Out-Thinking Hackers With Adaptive AI

cybersecurity

Whether the objective is teaching behavior to kids, being an effective team member, or building more impenetrable cyber defenses, learning from a good example works.

This is pertinent to artificial intelligence (AI) in finance, where enhanced forms like adaptive AI are fulfilling the technology’s promise by actually “learning” — foremost from the behavior of legitimate deposit account holders — so that hackers stand out when they make a move.

Emerging uses of adaptive AI and other new tech is set out in the new FI Fraud Decisioning Playbook, a PYMNTS and Simility collaboration, as financial institutions (FIs) and their clients ready for reopening by modeling good customer behavior to help identify bad actors.

Learn by Example

The inaugural FI Fraud Decisioning Report takes a keen interest in asymmetries between good customers and cyberthieves, as the two groups’ data footprints are quite different.

“Fraud decisioning strategies are more effective when the data gathered and analyzed includes high-quality evaluations of legitimate customers,” the report states.

“These customers build long digital transaction histories across online and mobile platforms as well as through purchases made in stores with card and app payments. Artificial intelligence (AI)- and machine learning (ML)-powered tools can analyze this data to better determine legitimate users’ behaviors, and these advanced technologies can often catch small behavioral details that may elude even the most-talented human analysts. A clear fraud decisioning framework with robust data gathering and analysis can power FIs, protecting them from losing billions to fraud and helping them gain customers’ trust.”

Know your customer (KYC) requirements are the law, and the work mandated under KYC regulations is also valuable to FIs in getting to know good customers in the service sense. The insights gathered by adaptive AI and advanced machine learning systems come to understand customers as a set of patterns. Deviations from those patterns is a predictor of intrusion.

“You need insights into the data to see what looks like a normal transaction,” Wells Fargo Head of Merchant Services Colleen Taylor told PYMNTS. “Then, if anomalies start to stick out, you can anticipate that maybe something is wrong there.”

“The innovation in the fraud space is really fast because the fraudsters are really innovative,” Taylor said. “We’re trying to stay ahead of where the fraudsters are. They spend a lot of time and money on trying to cheat the customers, and we have to spend the same — if not more — on keeping our customers safe.”

Automate to Validate 

The data pools FIs can draw from, including payments flows in and out of deposit accounts over time, charge patterns, location and many other data points, are the raw material that AI and adaptive AI analyze to enable more accurate real-time decisions.
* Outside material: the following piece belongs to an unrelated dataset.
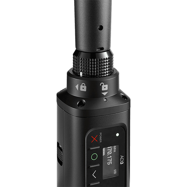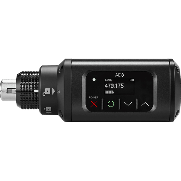 L’émetteur plug-on AD3, compagnon idéal pour la prise de son cinéma ou télévision, offre une qualité audio d’excellence et, grâce à sa transmission numérique robuste et ultra large bande, garantit des performances HF sans soucis. Acceptant aussi bien des microphones dynamiques que statiques, son connecteur sécurisé à verrouillage garantit des captations fiables en toute circonstance. Il permet également d’effectuer des liaisons point à point couplé aux récepteurs AD4. Il est muni d’un afficheur OLED très lisible permettant un accès aisé aux différents menus et réglages. Il s’alimente soit par deux piles LR6 soit par un accu Lithium-Ion Shure SB900A optionnel.

Reducing friction and false positives as more shopping moves into the digital domain post-pandemic are critical now. As hackers grow more sophisticated by the day, adaptive AI and data-driven decisioning platforms get to “know” real transactions from fraudulent.

“Sophisticated automated tools have grown increasingly crucial to protecting banking operations as the number of fraud events utilizing stolen or falsified information grows,” the report states.

“FIs are exploring both AI and ML to protect daily transactions — often made in near real time — across multiple markets and networks in quantities that would likely be impossible for human employees to validate without the help of automation. Automated tools can recognize data patterns much more quickly than humans and alert employees to potential fraud.”